The hearing officer is the sole judge of the weight and credibility of the evidence. See Section 410.165. Section 408.125(e) also provides for presumptive weight to be given the designated doctor when determining the amount of IR unless the great weight of other medical evidence is to the contrary. Section 408.125 gives no presumptive weight in regard to the extent of injury or contribution. While the IR, as provided by the designated doctor, was in dispute at the hearing and the designated doctor's construction of that IR was questionable, the hearing officer gave it presumptive weight, and the appeal does not attack it. Therefore, resolution of the appeal regarding contribution cannot be effected by either clarification of the IR or consideration of whether it was entitled to presumptive weight. Nevertheless, we emphasize that Section 408.125(e) gives no presumptive weight to the designated doctor's determination of the extent of injury. In this case the treating doctor found the old fusion intact and tests supported him. Nevertheless, the designated doctor stated that the injury aggravated the fusion but did not further describe how a fusion that is "solid" was aggravated.
While we question whether a rating should be assigned for surgery (as opposed to the effect of an injury) occurring prior to the compensable injury in question and then made a part of the whole body IR, the IR itself, as stated, was not attacked on appeal. (See Section 401.011(24) which defines IR as the percentage of whole body impairment resulting from a compensable injury.) Also see Texas Workers' Compensation Commission Appeal No. 950130, decided March 13, 1995, which quoted from Texas Workers' Compensation Commission Appeal No. 931130, decided January 26, 1994, that "the effects of a prior injury should not be discounted in the assessment of an [IR] for the current compensable injury." (Emphasis added.)
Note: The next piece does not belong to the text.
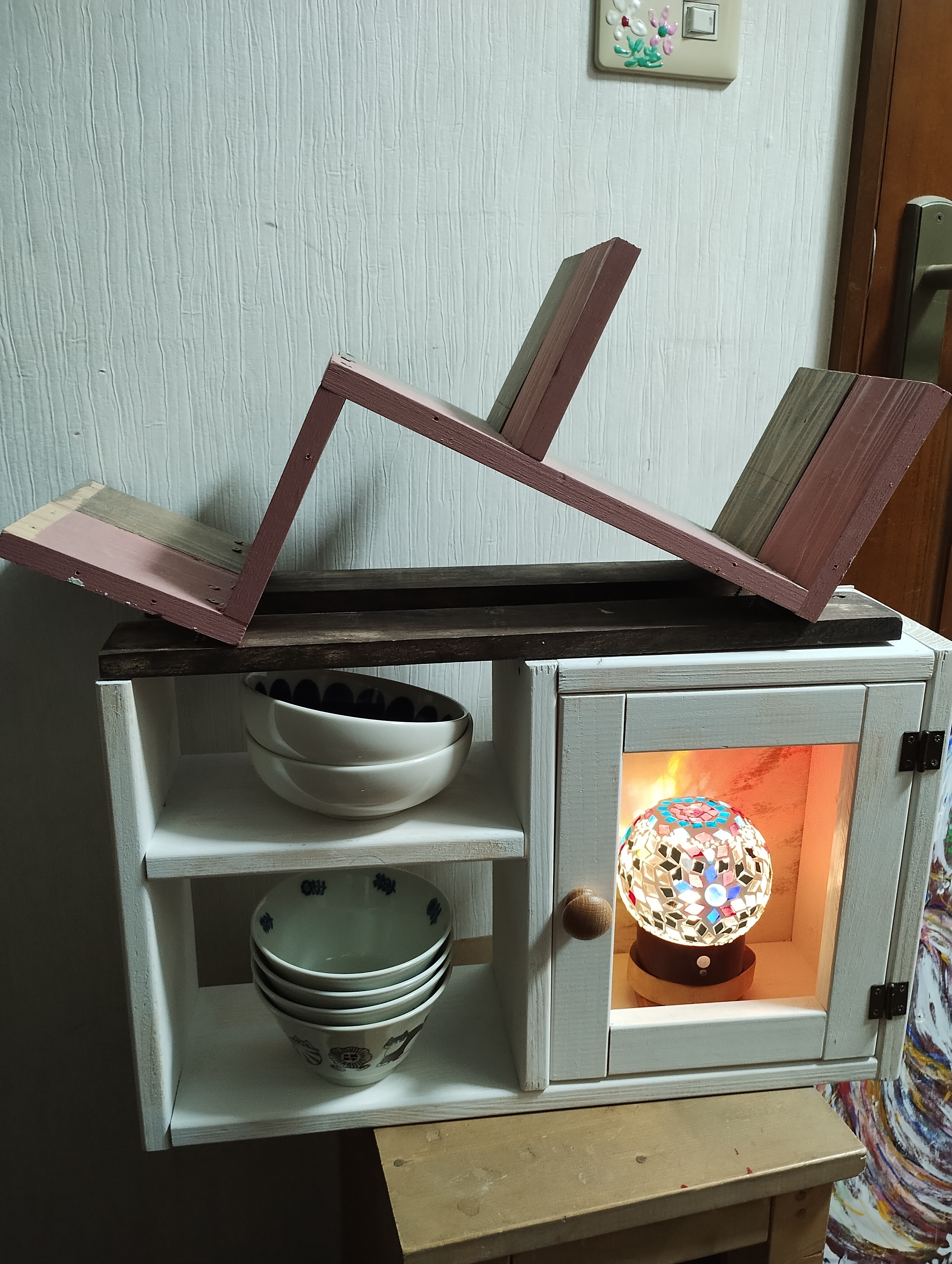 トップ > ワークショップ > 棚・収納 > ストレージシェルフアレンジ きゃな 2026/02/19 18:34 ストレージシェルフアレンジ もともと使っていたお皿ラックを上にのせて使うことにしました! これで収納力とコレクションを同時に出来ました! いいね 共有する 共有する X LINE リンクをコピー コメントする 7 件の返信 (新着順) ミュートしたユーザーの投稿です。 投稿を表示 suimo 2026/02/20 08:36 このように使うのも素敵ですね。ぴったりサイズで良かったですね🪔 いいね 返信する ミュートしたユーザーの投稿です。 投稿を表示 きゃな 2026/02/20 21:05 suimo すてようwと思ったのですが 上にのせたらいい感じでした✨ いいね 返信する ミュートしたユーザーの投稿です。 投稿を表示 とも 2026/02/20 05:53 トルコランプを飾るのもステキですね♡ いいね 返信する ミュートしたユーザーの投稿です。 投稿を表示 きゃな 2026/02/20 06:11 とも ありがとうございます😊💓 調度よく入りました! いいね 返信する ミュートしたユーザーの投稿です。 投稿を表示 ゆりさん 2026/02/19 22:47 かわいいです💞 いいね 返信する ミュートしたユーザーの投稿です。 投稿を表示 きゃな 2026/02/19 23:21 ゆりさん ありがとうございます😊💓 思わずくっつけて良かったです😊💓 いいね 返信する ミュートしたユーザーの投稿です。 投稿を表示 mi 2026/02/19 21:48 私も作りたいのでリクエストしてきました😆👍 いいね 返信する ミュートしたユーザーの投稿です。 投稿を表示 きゃな 2026/02/19 22:04 mi とっても素敵ですよ💕 ぜひとも作ってほしいです😊💓 いいね 返信する ミュートしたユーザーの投稿です。 投稿を表示 ゆうちゃん 2026/02/19 20:22 私も予約しました。 難しかったですか? いいね 返信する ミュートしたユーザーの投稿です。 投稿を表示 きゃな 2026/02/19 20:30 ゆうちゃん 難しくないです😊💓 アクリルつけるときは慎重でしたが いいね 返信する ミュートしたユーザーの投稿です。 投稿を表示 ゆうちゃん 2026/02/19 20:50 きゃな 勉強になります。作る時の参考にさせていただきます🤗 いいね 返信する ミュートしたユーザーの投稿です。 投稿を表示 ラムちゃん 2026/02/19 19:38 きゃなさんみたいに ホワイトの汚しをいつかしてみたいと 思うのですが😊 失敗すること間違いなしなので💦 (私は厚塗り系になってしまう🤣) 手を出せないですが いつかチャレンジしてみたいです😍 今日はご一緒出来て良かったです💓 いいね 返信する ミュートしたユーザーの投稿です。 投稿を表示 きゃな 2026/02/19 19:44 ラムちゃん ラムちゃんさん今日はご一緒出来て良かったです✨ B&Bで慣れているのでついついカスカスでいいと思っちゃうんです✨ 木目もだしたいと思うとこのカスカスです✨ アクリルは外しました トルコランプがすっぽり収まって 私のコレクションの作品になりました✨ いいね 返信する ミュートしたユーザーの投稿です。 投稿を表示 ラムちゃん 2026/02/19 20:26 きゃな アクリル外して トルコランプが 灯してくれてますね🤍🤍🤍 🤍素敵です🤍 いいね 返信する ミュートしたユーザーの投稿です。 投稿を表示 きゃな 2026/02/19 20:32 ラムちゃん ありがとうございます😊💓 アクリル板もう仕分けなかったですが 中を見せる収納にしたかったので いいね 返信する ミュートしたユーザーの投稿です。 投稿を表示 みっきい 2026/02/19 19:22 ランプが飾られていて素敵です🎶 いいね 返信する ミュートしたユーザーの投稿です。 投稿を表示 きゃな 2026/02/19 19:45 みっきい ありがとうございます😊💓 センサーライトなのでぴったり収まり 光ってくれて良いです😊💓 いいね 返信する

Appeal No. 950130, supra, also cited Texas Workers' Compensation Commission Appeal No. 941338, decided November 22, 1994, which said that for contribution an exact percentage need not be proven as long as there is sufficient evidence for the hearing officer to determine a percentage "that is reasonably supportable." Appeal No. 950130 then stated that since a percentage of IR assigned for a surgical procedure for a prior injury was included in IR for the current compensable injury, that same figure could be used in determining contribution. Appeal No. 950130 does not call for apportionment of current impairment in arriving at an IR. For example, if an evaluation for current impairment shows a present herniated disc (or ankylosis after a fusion), it may be a part of the IR without the designated doctor attempting to apportion based on whether it was present before the compensable injury. Similarly, if segmental instability is objectively found at that evaluation, it may warrant a percentage of IR. Appeal No. 950130 said, in effect, that if past surgery were simply added to the current impairment notwithstanding the absence of objective findings of impairment present since the current compensable injury and/or at the time of the IR evaluation, then that amount added, without justification, may be considered along with other evidence by the hearing officer in determining contribution.
Finding that the decision and order of the hearing officer are sufficiently supported by the evidence, we affirm. See In re King's Estate, 150 Tex. 662, 244 S.W.2d 660 (1951).